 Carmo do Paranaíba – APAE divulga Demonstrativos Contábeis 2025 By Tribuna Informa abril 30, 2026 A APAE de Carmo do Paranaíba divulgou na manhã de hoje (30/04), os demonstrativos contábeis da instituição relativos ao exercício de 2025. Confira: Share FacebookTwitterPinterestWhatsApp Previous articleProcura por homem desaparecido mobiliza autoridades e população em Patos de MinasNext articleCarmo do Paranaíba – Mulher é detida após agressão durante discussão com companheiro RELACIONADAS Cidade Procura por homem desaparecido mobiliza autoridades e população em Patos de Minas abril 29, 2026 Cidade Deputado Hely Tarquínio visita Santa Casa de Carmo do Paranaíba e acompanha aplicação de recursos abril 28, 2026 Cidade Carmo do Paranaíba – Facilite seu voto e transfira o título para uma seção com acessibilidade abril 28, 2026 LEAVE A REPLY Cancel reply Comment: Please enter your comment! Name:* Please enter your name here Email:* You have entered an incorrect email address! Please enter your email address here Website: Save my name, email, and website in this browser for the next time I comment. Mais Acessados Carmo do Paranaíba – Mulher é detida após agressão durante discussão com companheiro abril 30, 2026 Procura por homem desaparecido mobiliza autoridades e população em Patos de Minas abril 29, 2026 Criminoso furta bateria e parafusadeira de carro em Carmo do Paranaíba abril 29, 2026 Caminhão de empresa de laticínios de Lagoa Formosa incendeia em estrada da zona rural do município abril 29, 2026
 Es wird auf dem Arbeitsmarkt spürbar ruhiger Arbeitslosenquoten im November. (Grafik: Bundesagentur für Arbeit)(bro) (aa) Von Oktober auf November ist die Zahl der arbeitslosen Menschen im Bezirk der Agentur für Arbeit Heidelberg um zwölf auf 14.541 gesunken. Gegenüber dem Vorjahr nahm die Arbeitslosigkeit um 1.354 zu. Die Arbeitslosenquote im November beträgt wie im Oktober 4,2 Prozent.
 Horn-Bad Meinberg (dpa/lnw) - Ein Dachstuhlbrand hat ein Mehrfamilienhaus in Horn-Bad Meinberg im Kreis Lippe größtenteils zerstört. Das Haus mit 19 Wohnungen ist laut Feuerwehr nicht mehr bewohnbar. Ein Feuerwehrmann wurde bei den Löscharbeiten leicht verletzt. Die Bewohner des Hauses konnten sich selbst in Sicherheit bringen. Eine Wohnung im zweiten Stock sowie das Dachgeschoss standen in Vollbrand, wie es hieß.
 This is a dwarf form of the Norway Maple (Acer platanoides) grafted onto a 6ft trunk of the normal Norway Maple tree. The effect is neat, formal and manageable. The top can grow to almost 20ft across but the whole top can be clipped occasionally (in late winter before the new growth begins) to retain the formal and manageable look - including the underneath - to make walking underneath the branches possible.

* _TASK OBJECTIVE_: Every line of the data above should be copied exactly.

* _WRITTEN SOLUTION_:
 Carmo do Paranaíba – APAE divulga Demonstrativos Contábeis 2025 By Tribuna Informa abril 30, 2026 A APAE de Carmo do Paranaíba divulgou na manhã de hoje (30/04), os demonstrativos contábeis da instituição relativos ao exercício de 2025. Confira: Share FacebookTwitterPinterestWhatsApp Previous articleProcura por homem desaparecido mobiliza autoridades e população em Patos de MinasNext articleCarmo do Paranaíba – Mulher é detida após agressão durante discussão com companheiro RELACIONADAS Cidade Procura por homem desaparecido mobiliza autoridades e população em Patos de Minas abril 29, 2026 Cidade Deputado Hely Tarquínio visita Santa Casa de Carmo do Paranaíba e acompanha aplicação de recursos abril 28, 2026 Cidade Carmo do Paranaíba – Facilite seu voto e transfira o título para uma seção com acessibilidade abril 28, 2026 LEAVE A REPLY Cancel reply Comment: Please enter your comment! Name:* Please enter your name here Email:* You have entered an incorrect email address! Please enter your email address here Website: Save my name, email, and website in this browser for the next time I comment. Mais Acessados Carmo do Paranaíba – Mulher é detida após agressão durante discussão com companheiro abril 30, 2026 Procura por homem desaparecido mobiliza autoridades e população em Patos de Minas abril 29, 2026 Criminoso furta bateria e parafusadeira de carro em Carmo do Paranaíba abril 29, 2026 Caminhão de empresa de laticínios de Lagoa Formosa incendeia em estrada da zona rural do município abril 29, 2026
 Es wird auf dem Arbeitsmarkt spürbar ruhiger Arbeitslosenquoten im November. (Grafik: Bundesagentur für Arbeit)(bro) (aa) Von Oktober auf November ist die Zahl der arbeitslosen Menschen im Bezirk der Agentur für Arbeit Heidelberg um zwölf auf 14.541 gesunken. Gegenüber dem Vorjahr nahm die Arbeitslosigkeit um 1.354 zu. Die Arbeitslosenquote im November beträgt wie im Oktober 4,2 Prozent.
 Horn-Bad Meinberg (dpa/lnw) - Ein Dachstuhlbrand hat ein Mehrfamilienhaus in Horn-Bad Meinberg im Kreis Lippe größtenteils zerstört. Das Haus mit 19 Wohnungen ist laut Feuerwehr nicht mehr bewohnbar. Ein Feuerwehrmann wurde bei den Löscharbeiten leicht verletzt. Die Bewohner des Hauses konnten sich selbst in Sicherheit bringen. Eine Wohnung im zweiten Stock sowie das Dachgeschoss standen in Vollbrand, wie es hieß.
 This is a dwarf form of the Norway Maple (Acer platanoides) grafted onto a 6ft trunk of the normal Norway Maple tree. The effect is neat, formal and manageable. The top can grow to almost 20ft across but the whole top can be clipped occasionally (in late winter before the new growth begins) to retain the formal and manageable look - including the underneath - to make walking underneath the branches possible.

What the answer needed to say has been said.